Task item
In the entries below, repeat only the lines between those holding "Kem hăm tã Bebble" and "AllSaints Size 8", inclusive. Leave pictures out.

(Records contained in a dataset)

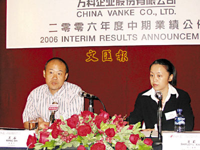 ■萬科企業董事長王石(左)與董事兼董事會秘書肖莉出席中期業績記者會。 本報記者卓建安 攝
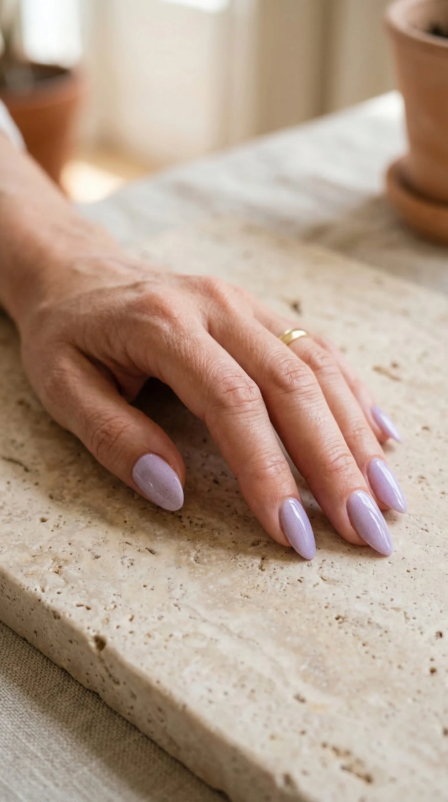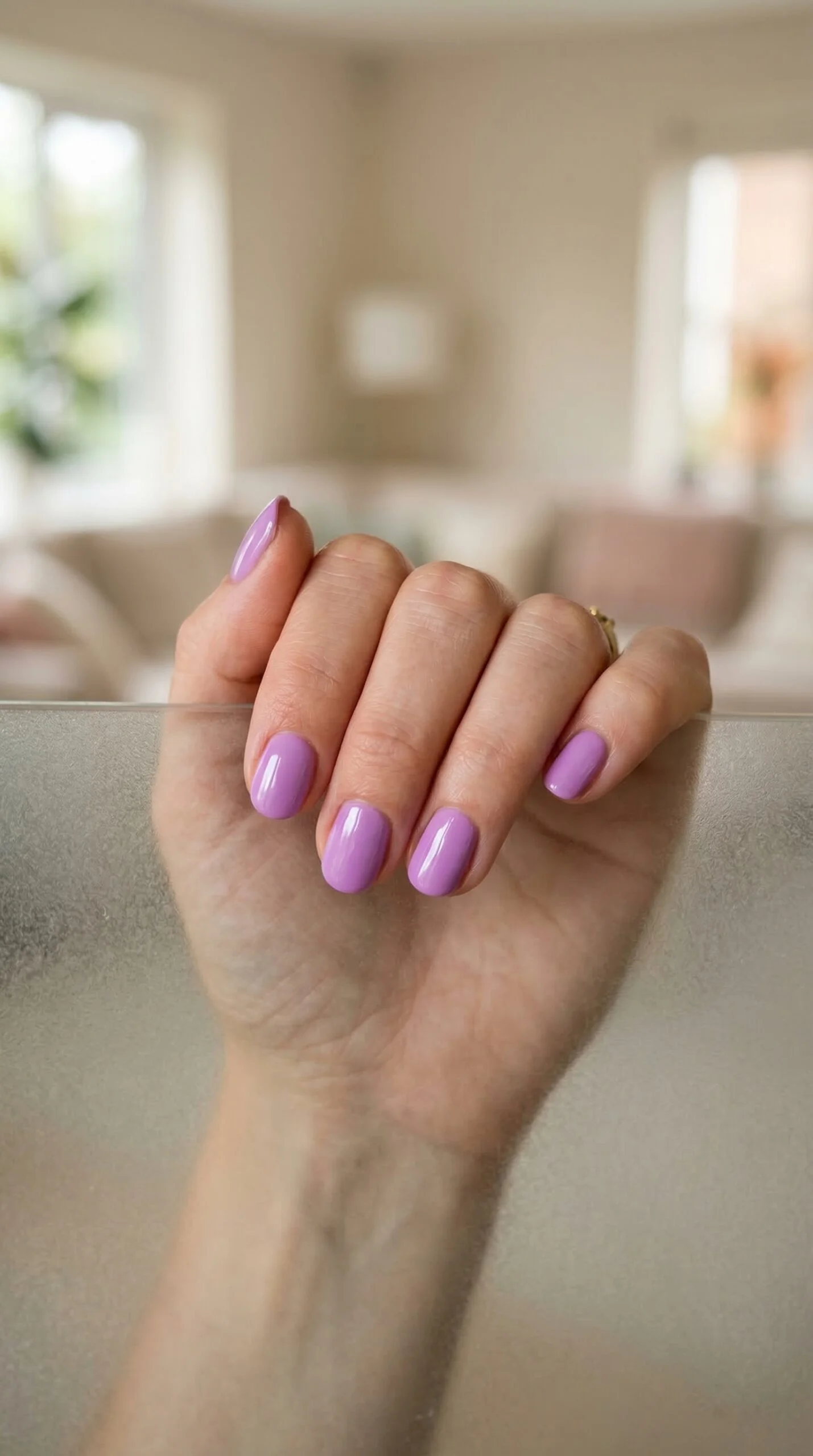 Lilac polish coats each nail evenly. The glossy finish enhances its softness.
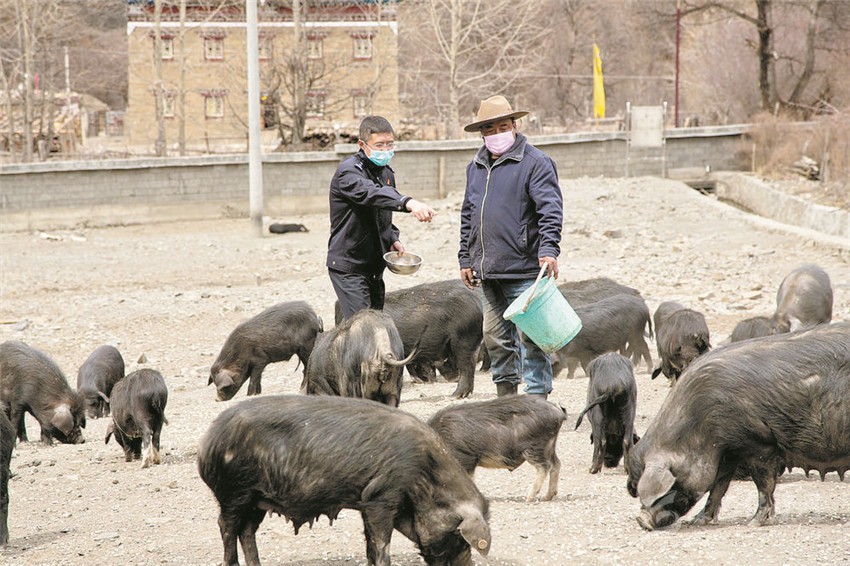 2015年,澤仁瓦吉的生活出現(xiàn)了轉(zhuǎn)機,得知他在村里養(yǎng)過豬,且因家中老人生病治療欠下了不少外債的情況后,鄉(xiāng)領(lǐng)導(dǎo)、包村干部和幫扶責(zé)任人幾次三番找到他,和他談心嘮家常,鼓勵他繼續(xù)養(yǎng)殖藏香豬,并給他帶來了產(chǎn)業(yè)發(fā)展的好政策。
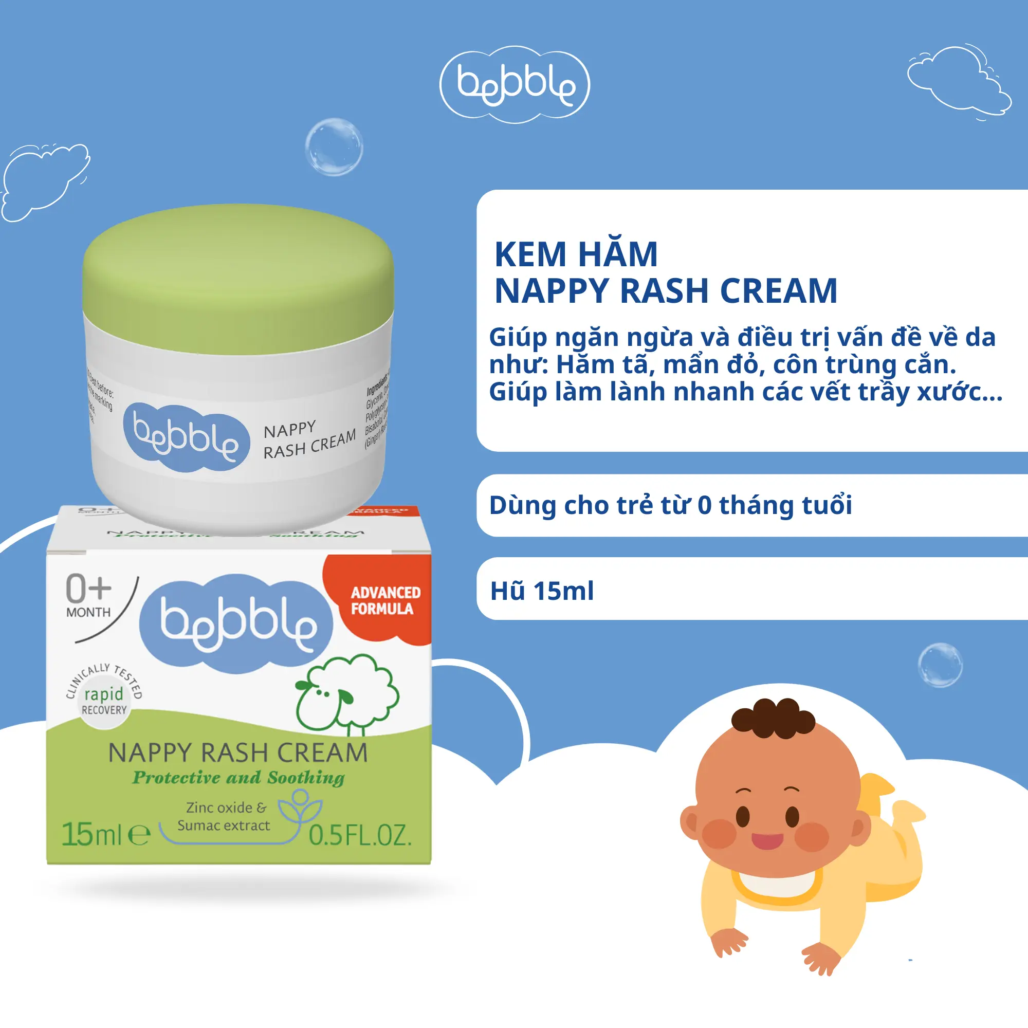 Kem hăm tã Bebble Nappy Rash Cream 60ml, dịu da tức thì, làm dịu vết côn trùng đốt, dùng cho bé từ 0 tháng
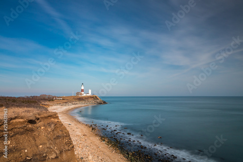 Rugged coastline leading to an old lighthouse protecting the island. Montauk Point, New York.
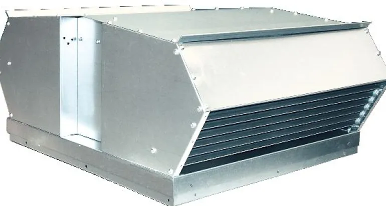 TKV EC on kattotuuletin, jossa on nelikulmainen liitäntä, pystysuora puhallus ja taaksepäin kaarevat lavat. Tuuletin on luotettava ja tehokas.
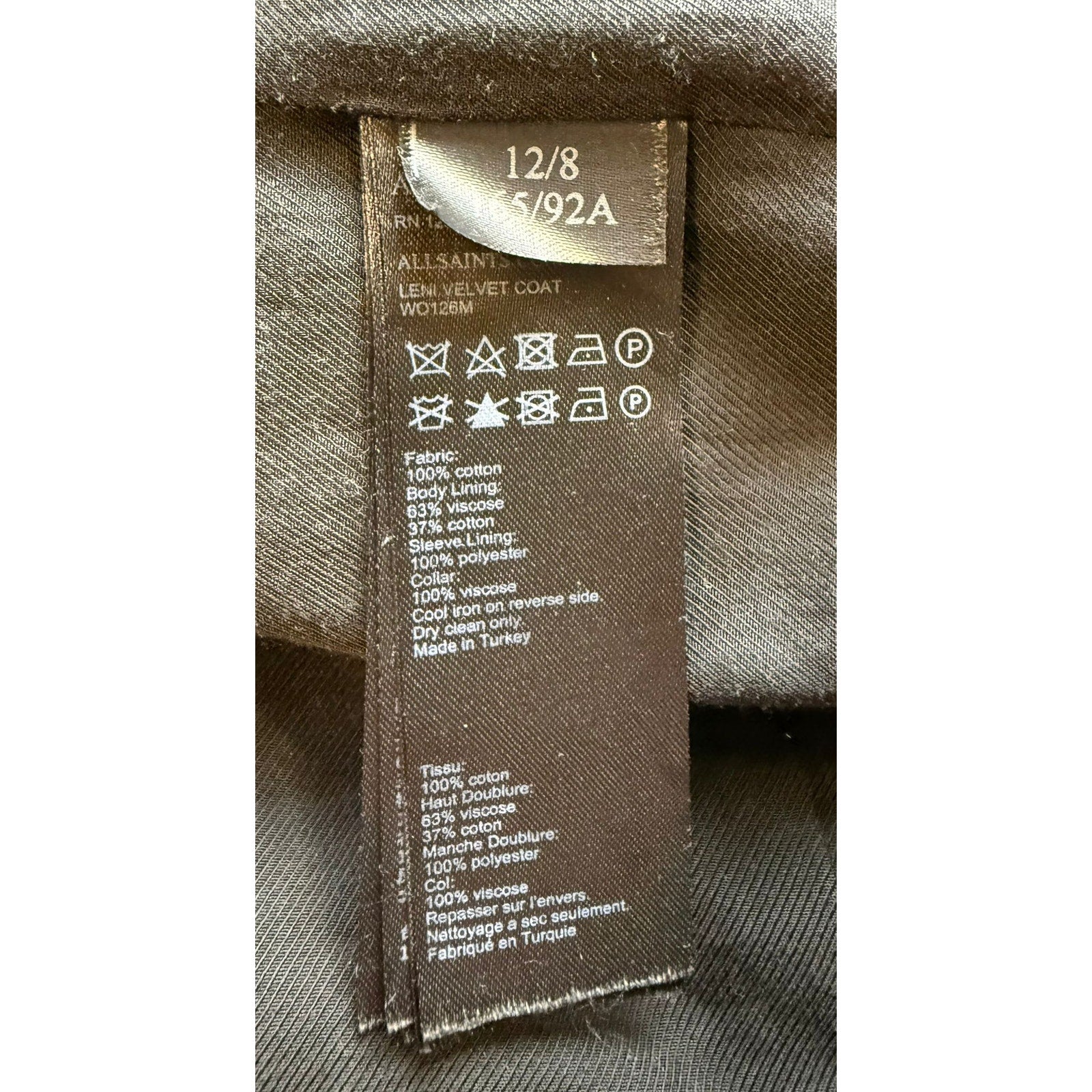 AllSaints Size 8 Black Leni Velvet Coat Button Up Long Cotton
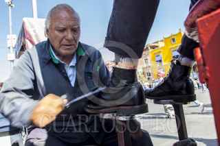 CIUDAD DE MÉXICO, 02ENERO2017.- Un señor limpia zapatos en el Zócalo para ganarse el sustento diario. FOTO: TERCERO DÍAZ /CUARTOSCURO.COM

Task answer
 Kem hăm tã Bebble Nappy Rash Cream 60ml, dịu da tức thì, làm dịu vết côn trùng đốt, dùng cho bé từ 0 tháng
 Rugged coastline leading to an old lighthouse protecting the island. Montauk Point, New York.
 TKV EC on kattotuuletin, jossa on nelikulmainen liitäntä, pystysuora puhallus ja taaksepäin kaarevat lavat. Tuuletin on luotettava ja tehokas.
 AllSaints Size 8 Black Leni Velvet Coat Button Up Long Cotton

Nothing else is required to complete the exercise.